With each day they spent trapped on the island, Ballagh and Blyth knew they were losing precious time to complete their planned itinerary. The Akademik Sergey Vavilov had dropped the kavakers off near Peterman Island, a small ice-crusted mound of rock home to a large Gentoo penguin colony. As the couple paddled north, the ship would finish its voyage, cross the Drake, pick up its next group of passengers in Argentina, then make its way back to the Antarctic Peninsula. If all went as planned, the Vavilov would rendezvous with the kavakers in Wilhelmina Bay 14 days after their drop-off.

Finally, on day five, after what seemed like an eternity, the weather released its hold.

“The great white continent is so silent, it’s deafening,” marvels Ballagh. Traveling in late January, just after the Antarctic summer solstice, the pair experienced near-perpetual daylight. Paddling by day and soft twilight, even time grew quiet in the vast landscape of mute snows and wordless peaks.

“In that silence you hear nature, you hear whale blows and penguins squawking,” she says. “You listen to the ice and glaciers moving, cracking and booming.” At other times, only the scraping of brash ice against kayak hulls accompanied their passage through fields of tiny bergs littering the ocean’s surface.

Antarctica showed her fairytale face as the couple paddled past Weddell seals sunning themselves on ice floes and inquisitive chinstrap penguins waddling clumsily or flying acrobatically beneath their kayaks. It’s that connection with the natural world that is so meaningful, says Ballagh. She’s quick to point out that shorter trips in wild spaces closer to home can foster the same connection. Still, there’s no denying the frozen continent is special. “I love being remote, I love the isolation. It’s what makes me tick.”

Leaving their icy campsite at Pursuit Point on day eight, Ballagh and Blyth gazed across the deceptive calm of the Gerlache Strait. Reaching Wilhelmina Bay and their pick-up meant crossing the eight-nautical-mile-wide channel of icy water. Despite the benign breeze, sparkling water and patches of cobalt blue sky, Ballagh’s nerves were running high.

“The Gerlache is big water, the wind waves that can form there are huge,” she explains. “If you’re out in the middle and the weather changes, which it can do very quickly, you’ve got nowhere to run.” Antarctica’s abrupt mood swings had pushed the paddlers to the limits of their endurance the day before in an area far less exposed than the Gerlache. Traveling up the coast of Wiencke Island, unable to land on the icy, six-foot-high ramparts guarding the glaciated shore, they had spent five hours beating into a frigid headwind. The ordeal had taken its toll on the couple.
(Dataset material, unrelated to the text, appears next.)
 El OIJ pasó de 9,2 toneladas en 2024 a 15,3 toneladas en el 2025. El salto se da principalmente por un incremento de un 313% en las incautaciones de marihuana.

Conditions had been so severe they couldn’t stop paddling to wipe the salt from their eyes or the snot streaming in frozen icicles from their noses. The wind edged up to a constant 25 knots, with gusts to 30. “I was wrecked,” remembers Ballagh. “I was going backwards at one point, I just couldn’t hold ground against the wind. I was giving it everything in my tank, and I couldn’t push the boat forward.”
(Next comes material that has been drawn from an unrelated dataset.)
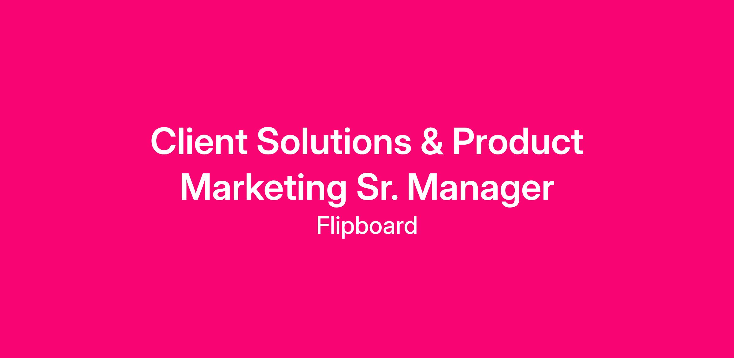 The Client Solutions & Product Marketing Sr. Manager is a hybrid, highly collaborative role that sits at the intersection of revenue, product, and storytelling. This individual is responsible for driving revenue through strong pre-sale strategy, post-sale execution, and compelling go-to-market narratives that bring Flipboard’s advertising products to life.

The prospect of crossing the Gerlache the next morning, with tired bodies, still-frozen gear and weary minds, was sobering. “My heart was in my mouth the whole way across,” says Ballagh.
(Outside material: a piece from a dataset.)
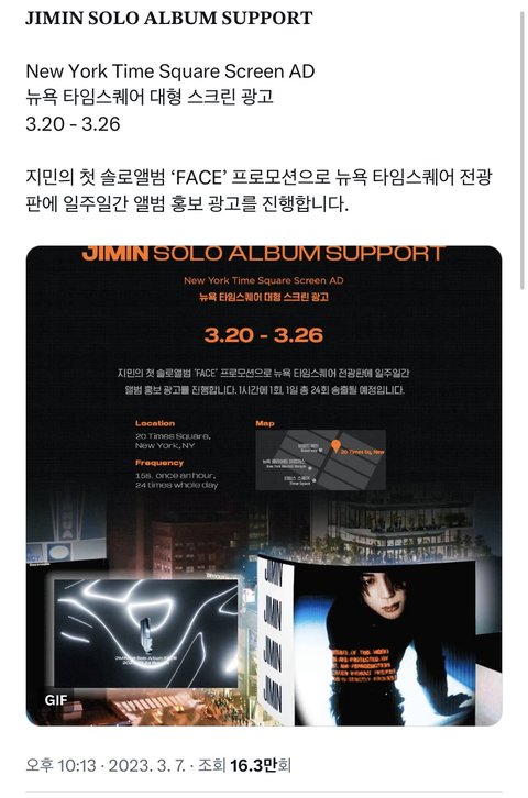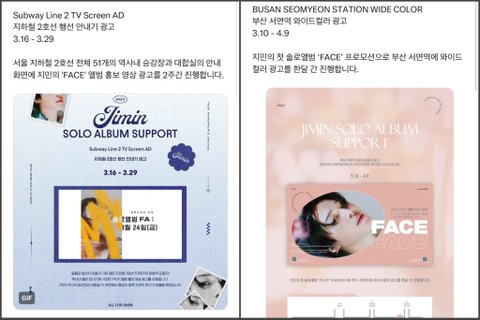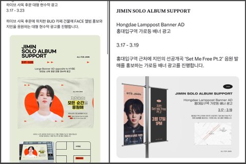 방탄 지민 10년만에 나오는 첫 솔로라고 팬베에서 서폿 역대급으로 크게 하는거 같음

HUMPBACK WHALES GLIDED WITHIN FEET OF THE COUPLE’S KAYAKS | Photo: Nate Small

Casting furtive glances over their shoulders at the clouds lurking on the southwestern horizon, the kayakers hurried across the strait. Incredibly, the weather held, and they were even joined by an escort of humpback whales for part of the crossing. The mix of emotions Ballagh describes—elation, anxiety, uncertainty—was not unlike that experienced by a mountain climber summiting a long-fought peak.

“It was so beautiful, I tried to enjoy it, but at the same time I was worried that we were going to get slammed out there.”

Perched on a rocky outcrop high above the ocean in Wilhelmina Bay, the couple savored their last night alone. Hauling their gear up a precipitous incline to pitch their tent on this icy cliff had been a fitting end to their 110-nautical-mile exploration of the Antarctic Peninsula. Majestic snowy mountains and mercurial waters stretched as far as their eyes could see. Despite the hardships they’d endured, tomorrow’s rendezvous with the Vavilov would be bittersweet.

When she’s not studying arts and film, Caroline Stroud works seasonally in the Arctic and Antarctic as an expedition guide.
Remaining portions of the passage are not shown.